Beast Boy gulped. "Dude…..," he murmured.
"So…Gar Logan…welcome to James Anderson's old laboratory," Raven uttered. "Now my secret lair."
-T-T-T-T-T-T-
Logan clears his throat. "Madame Moonflame, I presume."
"All you ever do is presume, Mr. Logan," Moonflame's one good eye narrows. "And now it has ended you up here."
"Just what do you intend to do once you activate the Ragnorak Machine?"
"That is for me to know and for you to find out…if you live long enough to see it."
"Tempted to end me so soon?" Logan smirks. "I just got here."
Moonflame marches over and places her fingers under Logan's chin. Her eye narrows. "You are….smaller in person."
"Didn't know you thought of me."
"I didn't. Only of your death."
"I'm flattered."
"As you should be…," Moonflame paces around, her black cloak ruffling. "As an operative to her Majesty's service, you are the witness of your dying society to the revolution of a new age."
"What do you intend to do?" Logan asks. "Blow the world into halves and party in between?"
"Something like that," Moonflame folds her leather-sleeved arms and gazes his way. "Do you believe in a higher plane of existence, Mr. Logan?"

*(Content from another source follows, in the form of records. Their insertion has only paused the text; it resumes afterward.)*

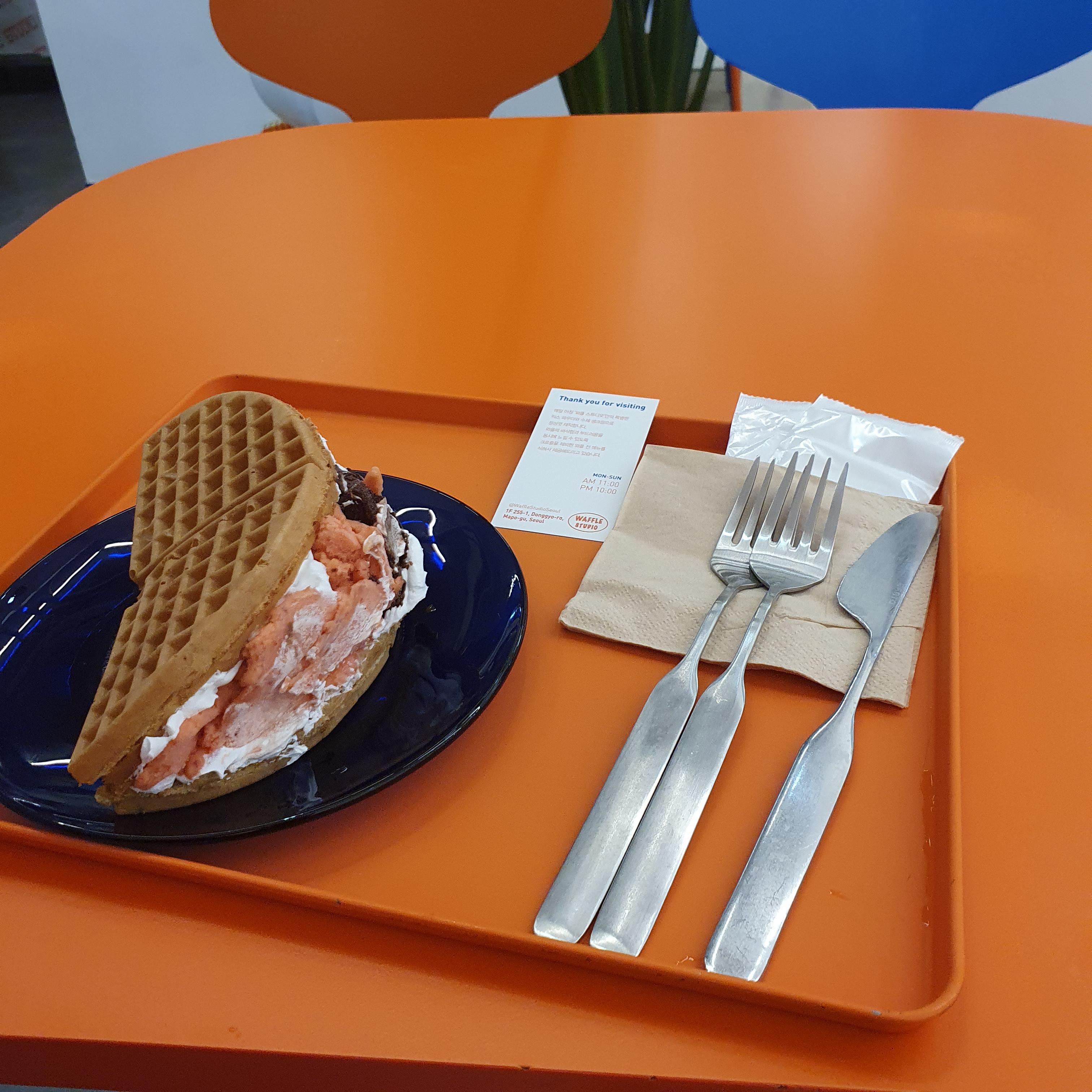 와플이 과자같은 와플이라 잘 안잘렸어요. 부셔져 버려서 생각처럼 깔끔하게 먹기는 어려웠습니다!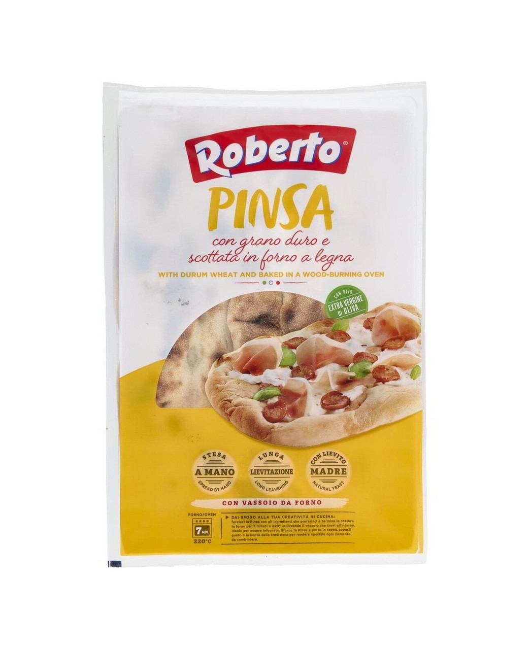 ROBERTO PINSA CON GRANO DURO è L’AUTENTICA ESPERIENZA DELLA TRADIZIONE ITALIANA. PREPARATA CON FARINA DI GRANO DURO E SCOTTATA IN FORNO A LEGNA, QUESTA PIINSA DA 230 G UNISCE FRAGRANZA, LEGGEREZZA E GUSTO UNICO.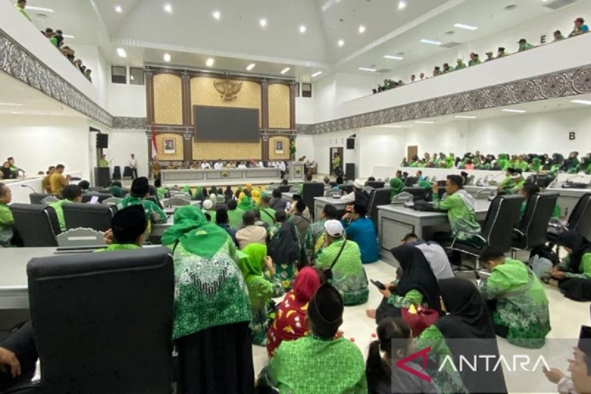 Ribuan guru madrasah melakukan audiensi dengan anggota DPRD Kabupaten Cianjur, sebelumnya mereka sempat menggelar aksi unjukrasa damai menuntut kesamaan hak, Senin, 6/10/2025.-Foto: net-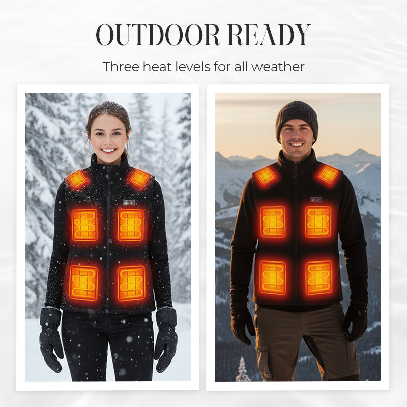 ULKOILUVALMIS: Suunniteltu lumilautailuun, vaellukseen, pyöräilyyn ja päivittäisiin asioihin, liivi sopeutuu erilaisiin elämäntapoihin. Kolmella säätämällä lämmitysnivella — 40°C, 50°C ja 60°C — voit sopeutua nopeasti muuttuviin sääolosuhteisiin.

"If you count some of the times I've binged on Dr. Pepper, sure…eheheheheheheh," Logan chuckles.
"……………..," Moonflame stares.
Logan clears his throat. "Ahem….why do you inquire?"
"Because I do believe in such," she says. "This world we live on is a two-dimensional environment full of suffering and the search for vain pleasures. Human beings everywhere murder each other and perform heinous crimes when all the while there is something much, much grander to fight for."
"Nirvana with a shotgun?"
"The Fusion Reactor….the Ragnorak Machine…," Moonflame gestures with a wave of her cloak. "Once overloaded, it will absorb the life energy inside each of us…hence consuming our very souls. Including those of everyone within this very hemisphere. The result will be containment within an implosion of limitless energy. The only thing our souls will know is endless, infinite warmth. True and everlasting joy."
Logan runs a hand through his hair suavely and smirks: "It never fails to amuse me…"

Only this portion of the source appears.